### What needs to be done
With the images set aside, retype every record below character for character.
━━━
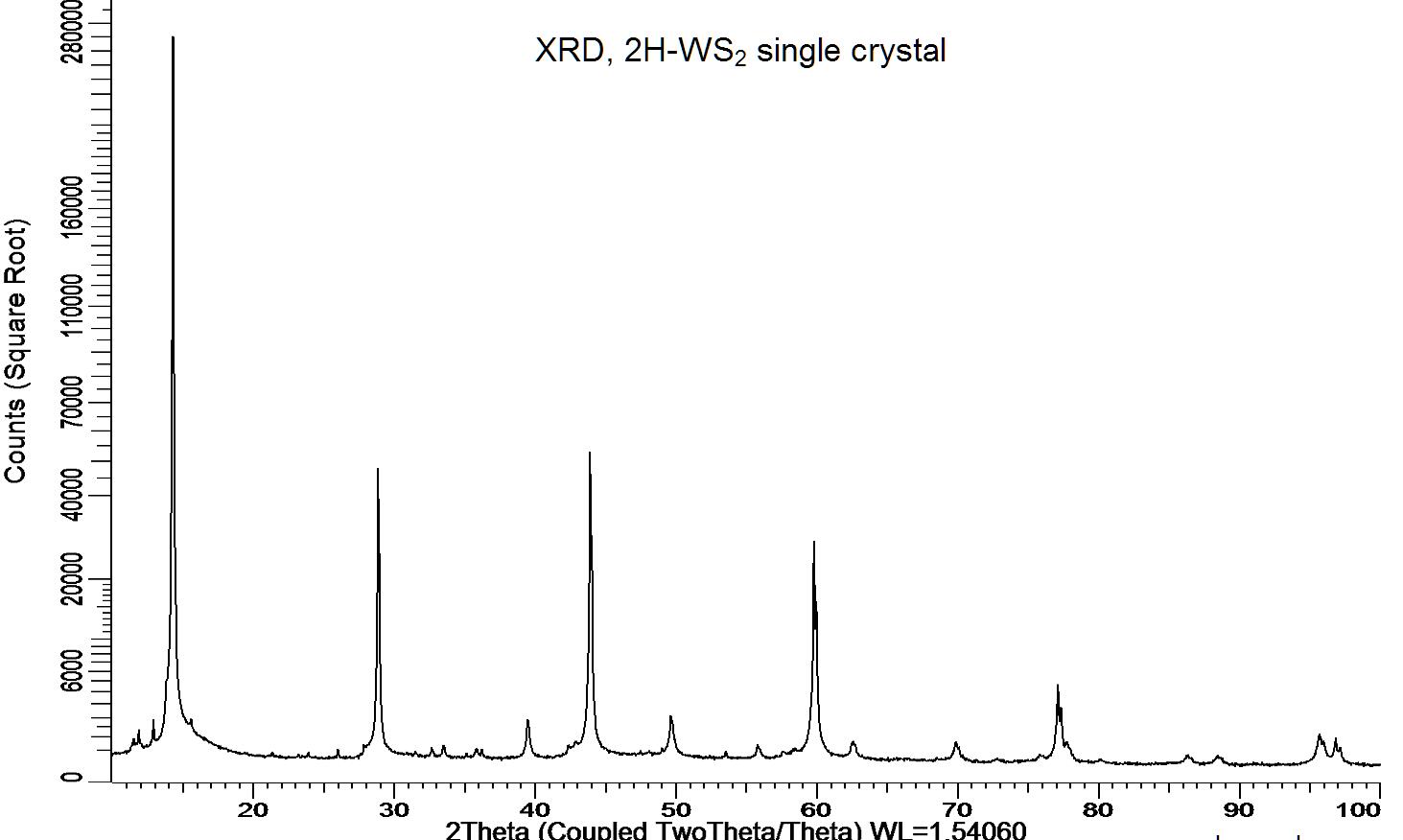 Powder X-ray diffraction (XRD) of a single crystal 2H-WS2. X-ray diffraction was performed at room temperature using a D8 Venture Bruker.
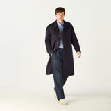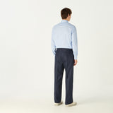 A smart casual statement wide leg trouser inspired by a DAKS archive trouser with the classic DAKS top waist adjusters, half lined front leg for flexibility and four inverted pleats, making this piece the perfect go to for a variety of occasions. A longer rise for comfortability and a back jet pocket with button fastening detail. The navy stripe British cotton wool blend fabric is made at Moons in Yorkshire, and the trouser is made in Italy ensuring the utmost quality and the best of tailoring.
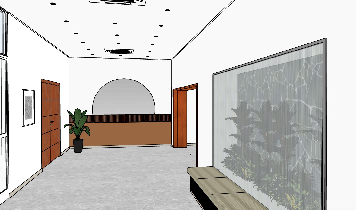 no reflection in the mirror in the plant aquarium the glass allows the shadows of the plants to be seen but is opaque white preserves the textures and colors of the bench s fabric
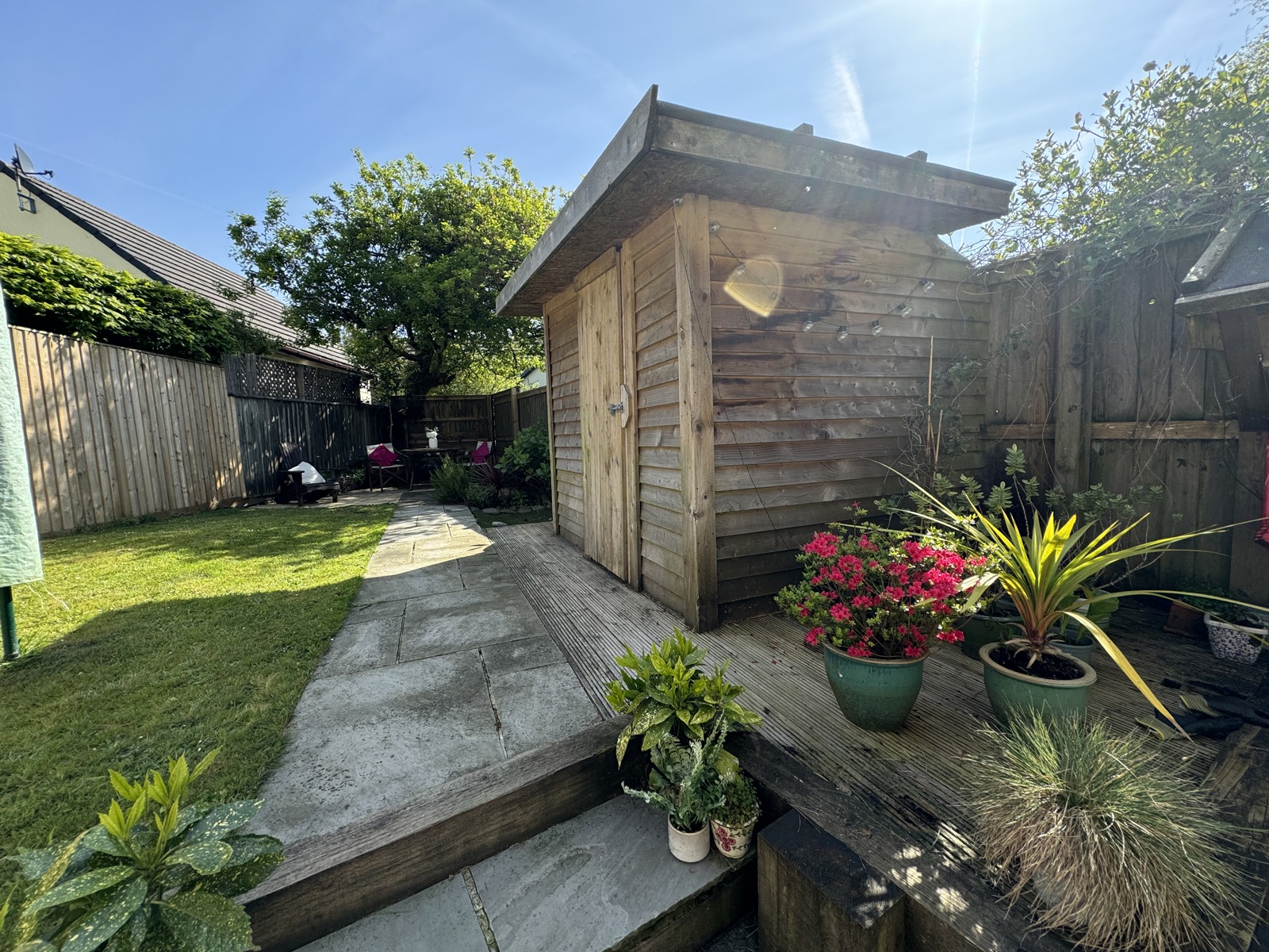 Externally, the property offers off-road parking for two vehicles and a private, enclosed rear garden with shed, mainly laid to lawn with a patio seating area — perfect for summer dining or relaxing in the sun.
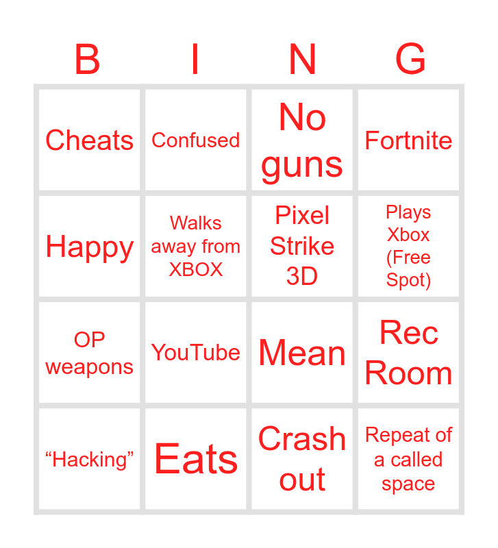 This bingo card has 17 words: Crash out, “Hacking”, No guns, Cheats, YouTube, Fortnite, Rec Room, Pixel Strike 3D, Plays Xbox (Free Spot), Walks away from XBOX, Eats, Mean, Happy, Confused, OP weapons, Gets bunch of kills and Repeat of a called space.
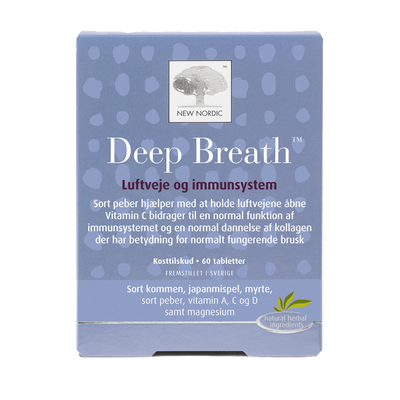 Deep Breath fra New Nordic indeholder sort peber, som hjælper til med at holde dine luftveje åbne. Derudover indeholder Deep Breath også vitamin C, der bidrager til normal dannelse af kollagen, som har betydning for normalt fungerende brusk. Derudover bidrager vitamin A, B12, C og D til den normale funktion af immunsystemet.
━━━
### Answer
 Powder X-ray diffraction (XRD) of a single crystal 2H-WS2. X-ray diffraction was performed at room temperature using a D8 Venture Bruker.
 A smart casual statement wide leg trouser inspired by a DAKS archive trouser with the classic DAKS top waist adjusters, half lined front leg for flexibility and four inverted pleats, making this piece the perfect go to for a variety of occasions. A longer rise for comfortability and a back jet pocket with button fastening detail. The navy stripe British cotton wool blend fabric is made at Moons in Yorkshire, and the trouser is made in Italy ensuring the utmost quality and the best of tailoring.
 no reflection in the mirror in the plant aquarium the glass allows the shadows of the plants to be seen but is opaque white preserves the textures and colors of the bench s fabric
 Externally, the property offers off-road parking for two vehicles and a private, enclosed rear garden with shed, mainly laid to lawn with a patio seating area — perfect for summer dining or relaxing in the sun.
 This bingo card has 17 words: Crash out, “Hacking”, No guns, Cheats, YouTube, Fortnite, Rec Room, Pixel Strike 3D, Plays Xbox (Free Spot), Walks away from XBOX, Eats, Mean, Happy, Confused, OP weapons, Gets bunch of kills and Repeat of a called space.
 Deep Breath fra New Nordic indeholder sort peber, som hjælper til med at holde dine luftveje åbne. Derudover indeholder Deep Breath også vitamin C, der bidrager til normal dannelse af kollagen, som har betydning for normalt fungerende brusk. Derudover bidrager vitamin A, B12, C og D til den normale funktion af immunsystemet.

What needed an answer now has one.